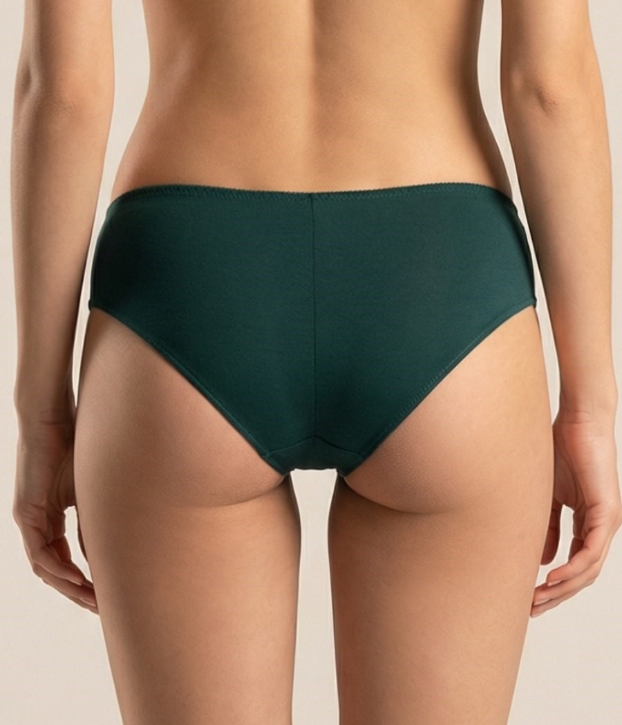 Классические хлопковые трусики с эффектной кружевной деталью. Модель на средней посадке отлично сидит на фигуре и подчеркивает ягодицы. Трусы мягкие на ощупь, плотно прилегают к телу и практически не заметны под одеждой.
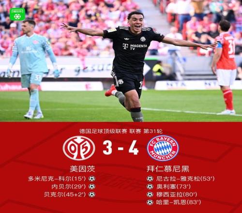 北京時(shí)間4月25日德國足球頂級(jí)聯(lián)賽 聯(lián)賽 第31輪,美因茨主場(chǎng)對(duì)陣拜仁慕尼黑。上半場(chǎng)佐耶海舟傳中,科爾凌空抽射破門,之后格雷羅中場(chǎng)丟球,之后的進(jìn)攻內(nèi)貝爾補(bǔ)射破門,半場(chǎng)補(bǔ)時(shí)階段貝克爾補(bǔ)射破門繼續(xù)擴(kuò)大比分。下半場(chǎng)默爾傳中,雅克松凌空抽射破門扳回一球,之后奧利塞內(nèi)切圓月彎刀再追一球,隨后穆西亞拉門前包抄破門扳平比分,緊接著穆西亞拉傳中被撲,凱恩補(bǔ)射破門反超比分。最終拜仁讓三追四4-3戰(zhàn)勝美因茨。
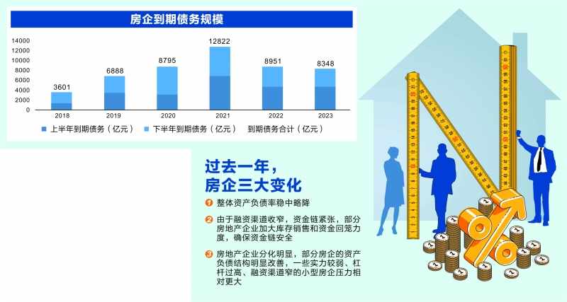 “从行业看,房企这一年来的主要变化体现在三个方面。”光大银行分析师周茂华对证券时报记者分析,一是整体资产负债率稳中略降;二是由于融资渠道收窄,资金链紧张,部分房地产企业加大库存销售和资金回笼力度,确保资金链安全;三是房地产企业分化明显,部分房企的资产负债结构明显改善,一些实力较弱、杠杆过高、融资渠道窄的小型房企压力相对更大。

============

WHAT YOU ARE ASKED TO DO: Would you return all the data exactly as given, minus the pictures?

SOLUTION TO THE PROBLEM:
 Классические хлопковые трусики с эффектной кружевной деталью. Модель на средней посадке отлично сидит на фигуре и подчеркивает ягодицы. Трусы мягкие на ощупь, плотно прилегают к телу и практически не заметны под одеждой.
 北京時(shí)間4月25日德國足球頂級(jí)聯(lián)賽 聯(lián)賽 第31輪,美因茨主場(chǎng)對(duì)陣拜仁慕尼黑。上半場(chǎng)佐耶海舟傳中,科爾凌空抽射破門,之后格雷羅中場(chǎng)丟球,之后的進(jìn)攻內(nèi)貝爾補(bǔ)射破門,半場(chǎng)補(bǔ)時(shí)階段貝克爾補(bǔ)射破門繼續(xù)擴(kuò)大比分。下半場(chǎng)默爾傳中,雅克松凌空抽射破門扳回一球,之后奧利塞內(nèi)切圓月彎刀再追一球,隨后穆西亞拉門前包抄破門扳平比分,緊接著穆西亞拉傳中被撲,凱恩補(bǔ)射破門反超比分。最終拜仁讓三追四4-3戰(zhàn)勝美因茨。
 “从行业看,房企这一年来的主要变化体现在三个方面。”光大银行分析师周茂华对证券时报记者分析,一是整体资产负债率稳中略降;二是由于融资渠道收窄,资金链紧张,部分房地产企业加大库存销售和资金回笼力度,确保资金链安全;三是房地产企业分化明显,部分房企的资产负债结构明显改善,一些实力较弱、杠杆过高、融资渠道窄的小型房企压力相对更大。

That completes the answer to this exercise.